• **HOW TO COMPLETE THIS TASK**
Retype the listing exactly, minus its pictures.

• **AVAILABLE DATA**
BEGIN

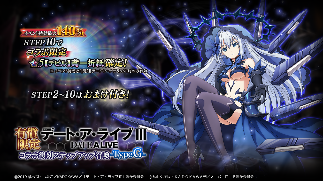 オリジナルコラボイベント『[復刻]デート・ア・ナザリック』『[復刻]デート・ア・ナザリックⅡ』も復刻開催!コラボキャラクターが登場する召喚も同時開催いたします!その他、ログインボーナスや限定ミッションなども実施予定!
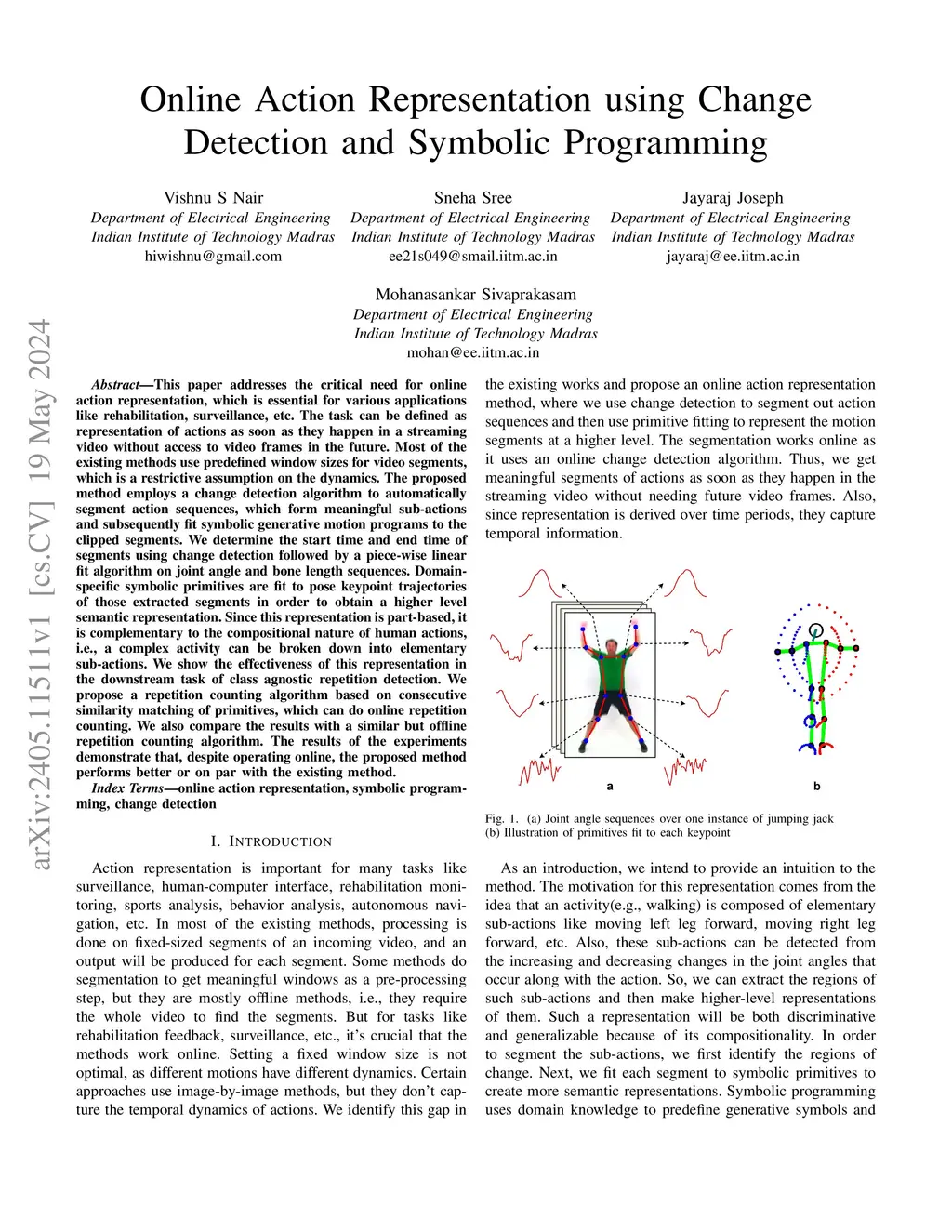 This paper addresses the critical need for online action representation, which is essential for various applications like rehabilitation, surveillance, etc. The task can be defined as representation of actions as soon as they happen in a streaming video without access to video frames in the future. Most of the existing methods use predefined window sizes for video segments, which is a restrictive assumption on the dynamics. The proposed method employs a change detection algorithm to automatically segment action sequences, which form meaningful sub-actions and subsequently fit symbolic generative motion programs to the clipped segments. We determine the start time and end time of segments using change detection followed by a piece-wise linear fit algorithm on joint angle and bone length sequences. Domain-specific symbolic primitives are fit to pose keypoint trajectories of those extracted segments in order to obtain a higher level semantic representation. Since this representation is part-based, it is complementary to the compositional nature of human actions, i.e., a complex activity can be broken down into elementary sub-actions. We show the effectiveness of this representation in the downstream task of class agnostic repetition detection. We propose a repetition counting algorithm based on consecutive similarity matching of primitives, which can do online repetition counting. We also compare the results with a similar but offline repetition counting algorithm. The results of the experiments demonstrate that, despite operating online, the proposed method performs better or on par with the existing method.
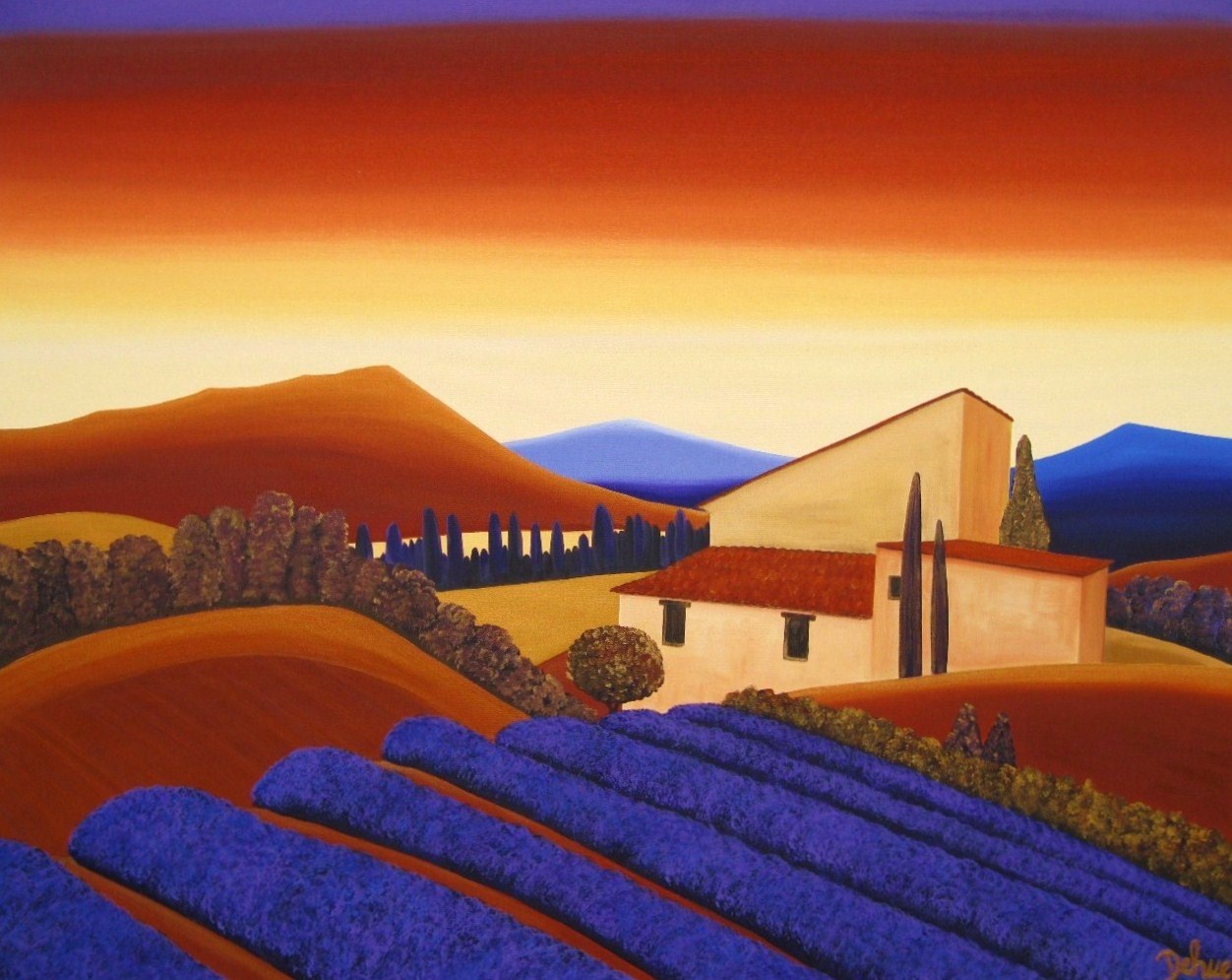 Huis Figuratief Landschap Gold Paars Goud Kleurrijk Frankrijk Natuur Bomen Purple Landscape Warm Boerderij Frans Huizen Sfeervol Roodbruin Okergeel Lavendel France Franse French Lavender

END

• **RESULT FOR THIS TASK**
 オリジナルコラボイベント『[復刻]デート・ア・ナザリック』『[復刻]デート・ア・ナザリックⅡ』も復刻開催!コラボキャラクターが登場する召喚も同時開催いたします!その他、ログインボーナスや限定ミッションなども実施予定!
 This paper addresses the critical need for online action representation, which is essential for various applications like rehabilitation, surveillance, etc. The task can be defined as representation of actions as soon as they happen in a streaming video without access to video frames in the future. Most of the existing methods use predefined window sizes for video segments, which is a restrictive assumption on the dynamics. The proposed method employs a change detection algorithm to automatically segment action sequences, which form meaningful sub-actions and subsequently fit symbolic generative motion programs to the clipped segments. We determine the start time and end time of segments using change detection followed by a piece-wise linear fit algorithm on joint angle and bone length sequences. Domain-specific symbolic primitives are fit to pose keypoint trajectories of those extracted segments in order to obtain a higher level semantic representation. Since this representation is part-based, it is complementary to the compositional nature of human actions, i.e., a complex activity can be broken down into elementary sub-actions. We show the effectiveness of this representation in the downstream task of class agnostic repetition detection. We propose a repetition counting algorithm based on consecutive similarity matching of primitives, which can do online repetition counting. We also compare the results with a similar but offline repetition counting algorithm. The results of the experiments demonstrate that, despite operating online, the proposed method performs better or on par with the existing method.
 Huis Figuratief Landschap Gold Paars Goud Kleurrijk Frankrijk Natuur Bomen Purple Landscape Warm Boerderij Frans Huizen Sfeervol Roodbruin Okergeel Lavendel France Franse French Lavender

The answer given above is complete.